Reputation: 21
i have a Problem with powershell Performance while searching a 40gb log file. i Need to check if any of 1000 email adresses are included in this 40gb file. This would take 180 hours :D any ideas?
$logFolder = "H:\log.txt"
$adressen= Get-Content H:\Adressen.txt
$ergebnis = @()
foreach ($adr in $adressen){
$suche = Select-String -Path $logFolder -Pattern "\[\(\'from\'\,.*$adr.*\'\)\]" -List
$aktiv= $false
$adr
if ($suche){
$aktiv = $true
}
if ($aktiv -eq $true){
$ergebnis+=$adr + ";Ja"
}
else{
$ergebnis+=$adr + ";Nein"
}
}
$ergebnis |Out-File H:\output.txt
Upvotes: 2
Views: 216
Reputation: 399
Don't read the file 1000 times.
Build a regexp line with all 1000 addresses (it's gonna be a huge line, but hey, much smaller than 40TB). Like:
$Pattern = "\[\(\'from\'\,.*$( $adressen -join '|' ).*\'\)\]"
Then do your Select-String, and save the result to do an address-by-address search in it.
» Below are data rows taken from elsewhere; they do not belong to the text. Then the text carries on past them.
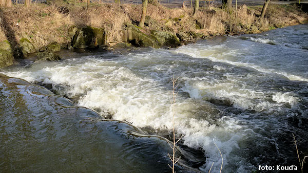 most mostek dla pieszych i następujący zapora v 2,0 m – začátek regulace, dalej 1 km kilka zapora (schodek) !! 1,0 km |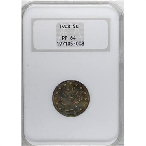 <B>1908 5C PR64 NGC.</B></I> NGC Census: (126/181). PCGS Population (155/130). Mintage: 1,620. Numismedia Wsl. Price for NGC/PCGS coin in PR64: $240. (#3906)<BR><BR><B>Coin Engraver:</B> Charles E. Barber<BR><BR><b>Shipping:</b> Coins & Currency (<a target="_blank" href="http://www.heritageauctions.com/common/shipping.php">view shipping information</a>)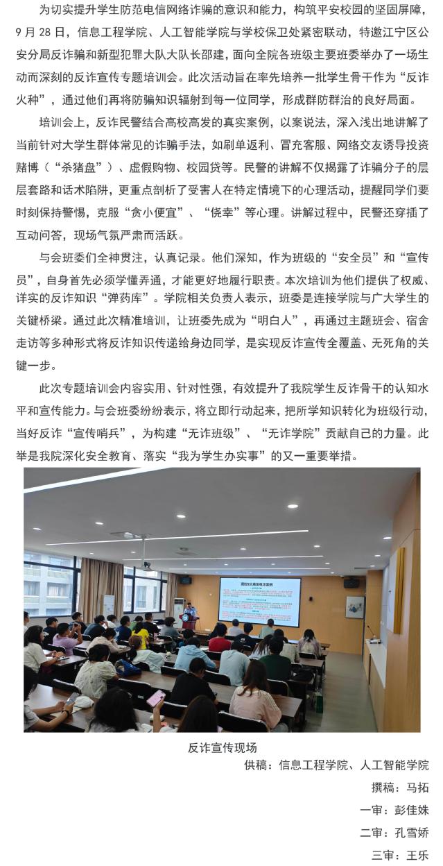 警校联动筑牢防线,班委先行辐射全员:信工院联合校保卫处举办反诈宣传骨干专题培训会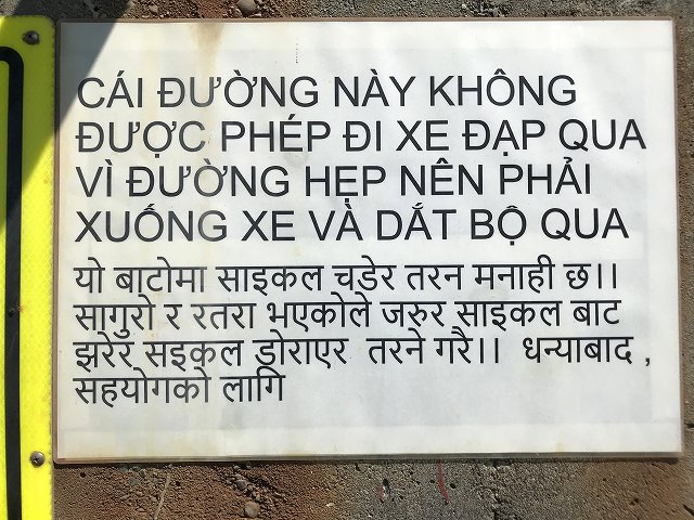 この看板を見つけたのでおとなしく押し歩きしてたんですけど、みんなガンガン自転車乗って通ります。よく聞いていると日本語じゃない言葉で話してました。このマークじゃ理解できないのかな??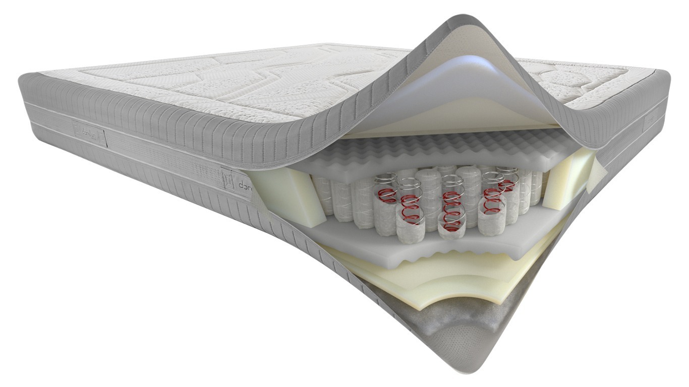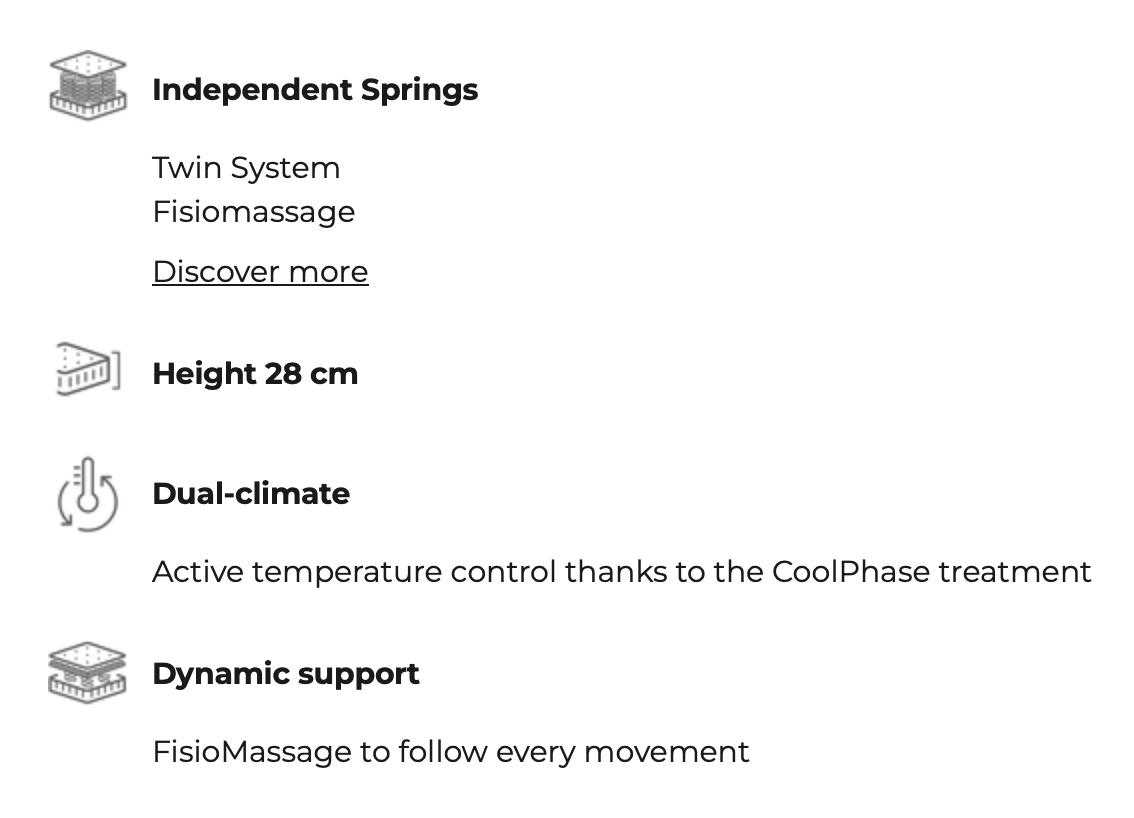 The Twin System spring core, with its dual coil structure, delivers precise, tailored support, enhanced by FisioMassage, which adapts smoothly to body movements.

Hopefully, the result will be much smaller than 40Gb, and should be much faster.
Upvotes: 1
Reputation: 3908
As mentioned in the comments, replace
$ergebnis = @()
with
$ergebnis = New-Object System.Collections.ArrayList
and
$ergebnis+=$adr + ";Ja"
with
$ergebnis.add("$adr;Ja")
or respective
$ergebnis.add("$adr;Nein")
This will speed up your script quite a bit.
Upvotes: 0